Sascha Krakovka defends his PhD work


This past 3rd of June 2022, our Ph.D. student Sascha Krakovka successfully defended his doctoral thesis work on the biology, resistance, and treatment of the parasite Giardia intestinalis. 

Giardiasis, the disease caused by the infectious parasite Giardia intestinalis, is currently one of the most common parasitic human diseases, affecting the developing world the most. The life cycle of this parasite consists of stable infectious cysts that can spread in the environment and proliferating trophozoites that replicate and cause disease in the host's intestine. The biology and molecular mechanisms involved in the formation of cysts -encystation- by the trophozoites have been difficult to study and understand.

To treat giardiasis, physicians mostly use metronidazole, a very useful and broad antimicrobial with a complex mechanism of action. The main hypothesis is that this drug type works by targeting DNA and other important cell molecules with radicals produced during the metabolism of metronidazole inside the parasite. Due to this complex and multi-target mechanism, the accumulation of resistance to metronidazole has been slow, but recently more and more resistant giardia strains have been identified. Thus, it is relevant now more than ever to understand how resistance to metronidazole develops, and look for new treatments.

With this background, Sascha's thesis aimed at enhancing the understanding of giardia encystation, elucidating the mechanism of action of metronidazole and the possible pathways for resistance, and investigating new potential giardiasis treatments.

In his first paper, Sasha applied high-resolution methods to learn about the encystation process, revealing that there is an increased differential gene expression throughout encystation, not only in the number of genes but also in which gene groups are expressed. The work was also able to determine that there are 3 stages to encystation, with clear and defined differences in gene expression.

For this second study, Sascha worked with several metronidazole-resistant giardia strains and one revertant (lost the resistance) and looked into their phenotypes, genes expressed, and proteins present in the different strains. The results show that the resistant strains are affected both in terms of how well they grow in the intestine, and how well they produce the infectious cysts. The detailed studies of gene and protein expression demonstrated that the mechanisms of metronidazole resistance affect drug uptake, drug activation inside the cell, reduced electron flow, increased cell oxygen concentration, and an upregulated oxygen stress response. 

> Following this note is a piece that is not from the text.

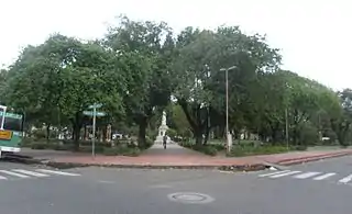 En el centro de la plaza se levanta un monumento en honor a los actores más reconocidos de las gestas independentistas, alusivo a la conmemoración de los primeros cien años de la batalla de Boyacá.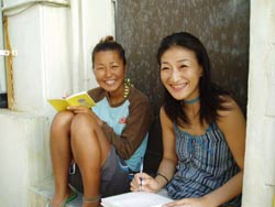 おおはしいずみちゃん&しじみちゃんこと智子ちゃんが遊びにきてくれたよ。いずみちゃんは我が教え子アドバンスダイバー!しじみちゃんは、伊豆で一度体験ダイビングをしてみたけど。なんだか????だったらしく本日は沖縄の海でリベンジです。まずは、説明⇒着替え⇒イメトレをして。ゆっくりゆっくりおよいで進んで行きました。そして本物のニモのファミリーに出会ったぁ〜。うっひゃーかわいい〜。お魚にエサをあげたり、本日の専属キャメラマンいづみちゃんが、水中写真をとってくれたり。楽しかったね。ってことで休憩をはさんで、沖縄ぜんざいを食べてから、もう1ダイブに挑戦!おおっと。しじみちゃんなんだか急にすんげい上手くなってる。1本目は鼻息がでてしまって。少し気になったようだけど。2ダイブ目はカンペキな呼吸。更には、息をはいたら静めるというコツもつかみ。スイスイおよいでた。そんなしじみちゃんをやさしいお目目で見守るいづみちゃん。モヒカン頭のツマジロオコゼや、グルクマ、ウツボなどなど、いろんなお魚をみたね。本日のダイビングは、どうでしたか?2人と遊べて楽しかったよ。また遊びにきてね〜。 |

In his last thesis work, Sascha investigated the potential of a new target to treat giardiasis, the essential thymidine kinase which supplies thymidine for DNA synthesis. Here they were able to identify an already available drug, azidothymidine -AZT- (currently used to treat HIV infections) as a potential new giardia treatment. They showed both in vitro and in vivo that AZT can kill giardia, but also affect already formed trophozoites. AZT was successful at reducing both the duration of the infection and the symptoms. These are promising results as AZT is readily available, with a good safety profile, and a low cost.

Sasha celebrating with supervisors the thesis committee.

We are very happy to see another of our first-round Ph.D. students successfully finish their doctoral work with great results and a wonderful defense.